--- Work task ---
Where pictures appear, omit them, and copy exactly only the lines from the start of the listing through the line containing "Sömnad med två", both included.

--- Source data ---
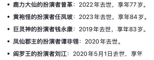 据不完全统计,《西游记》的参演人员,已去世40多位。 大家最熟悉的,有第一任沙僧的扮演者闫怀礼,车迟国王后的扮演者赵丽蓉。 还有阎王刘江、如来朱龙广。 随着他们的离去,记忆中的童年,似乎又遥远了不少。 但网上有句话,是这样说的。 这些演神仙的人,普遍都活到了70~90岁。 他们或许,是真的回到了天上。
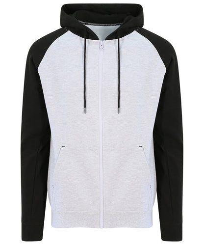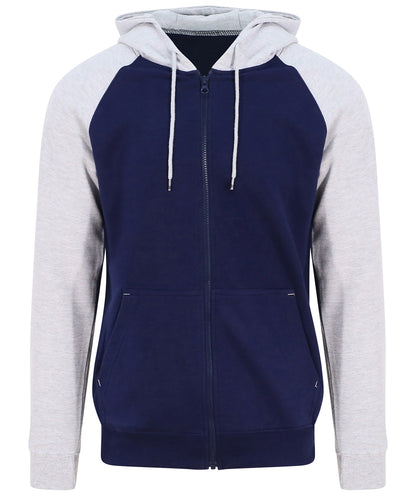 Sömnad med två nålar. Kontrasterande raglanärmar. Huva i dubbelt tyg. Dragkedja i YKK-plast. Kontrastfärgad snörning i platt spets. Spilt känguruficka. Ribbade muddar i ärmslut och nederkant. Mjuk bomullsväv ger perfekt tryckyta. Enkel etikett som kan rivas ut gör den perfekt för rebranding. Borstad fleece på insidan. WRAP-certifierad. SEDEX-certifierad. Vegan-certifierad.
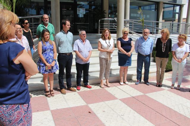 Miembros de la Corporación Municipal de San Pedro del Pinatar junto a trabajadores y vecinos han guardado hoy a las 12:00 horas un minuto de silencio por la víctimas del atentado perpetrado en Londres, el pasado sábado.

--- Response to this exercise ---
 据不完全统计,《西游记》的参演人员,已去世40多位。 大家最熟悉的,有第一任沙僧的扮演者闫怀礼,车迟国王后的扮演者赵丽蓉。 还有阎王刘江、如来朱龙广。 随着他们的离去,记忆中的童年,似乎又遥远了不少。 但网上有句话,是这样说的。 这些演神仙的人,普遍都活到了70~90岁。 他们或许,是真的回到了天上。
 Sömnad med två nålar. Kontrasterande raglanärmar. Huva i dubbelt tyg. Dragkedja i YKK-plast. Kontrastfärgad snörning i platt spets. Spilt känguruficka. Ribbade muddar i ärmslut och nederkant. Mjuk bomullsväv ger perfekt tryckyta. Enkel etikett som kan rivas ut gör den perfekt för rebranding. Borstad fleece på insidan. WRAP-certifierad. SEDEX-certifierad. Vegan-certifierad.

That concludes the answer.